Think of it as a privacy screen working in reverse. The brain's fine spatial details get obliterated on their way out. By the time EEG electrodes pick up the signal, the rich three-dimensional electrical landscape of the cortex has been flattened and blurred into a two-dimensional smudge.
Source reconstruction is the attempt to reverse this degradation, to take the smudge and computationally reconstruct the painting underneath.
The Forward Problem: Building a Virtual Head
Before you can work backward from scalp data to brain sources (the hard part), you need to be able to work forward from brain sources to scalp data (the tractable part). This forward direction is the foundation that every source reconstruction method stands on.
The forward problem asks a simple question: if I know there's an electrical source at a specific location inside the brain, with a specific orientation and strength, what voltage pattern would it produce on the scalp?
This is solvable.
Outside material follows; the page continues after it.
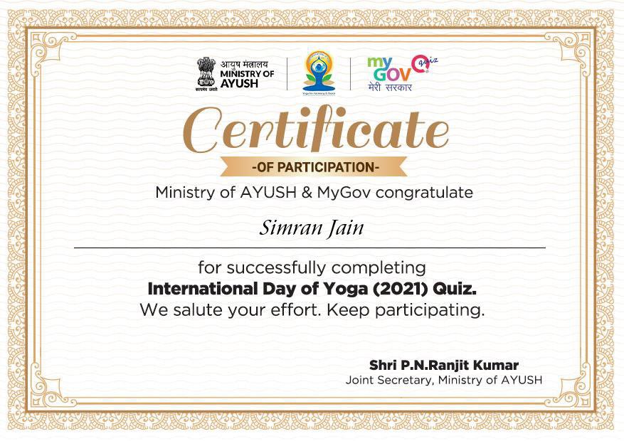 Jai hind Myself JUO SIMRAN JAIN ,I have recently participated in yoga day quiz because I feel yoga is a very powerful tool given to us by our ancestors, we should preserve this age old technique and spread awareness about it.

You build a mathematical model of the head, a representation of the geometry and electrical properties of each tissue layer, and then use the physics of electromagnetism to calculate how the current propagates outward. One source in, one scalp pattern out.
The head model, also called the forward model, is the virtual head that the algorithm uses for its calculations. It comes in several flavors.
Spherical head models approximate the head as a set of concentric spheres, one each for brain, cerebrospinal fluid, skull, and scalp. This is the simplest option. The math has elegant closed-form solutions, and the computations are fast. But your head is not a sphere. The frontal bone of the skull is thicker than the temporal bone. The brain's folded surface (gyri and sulci) creates sources at all kinds of orientations. Spherical models miss all of this.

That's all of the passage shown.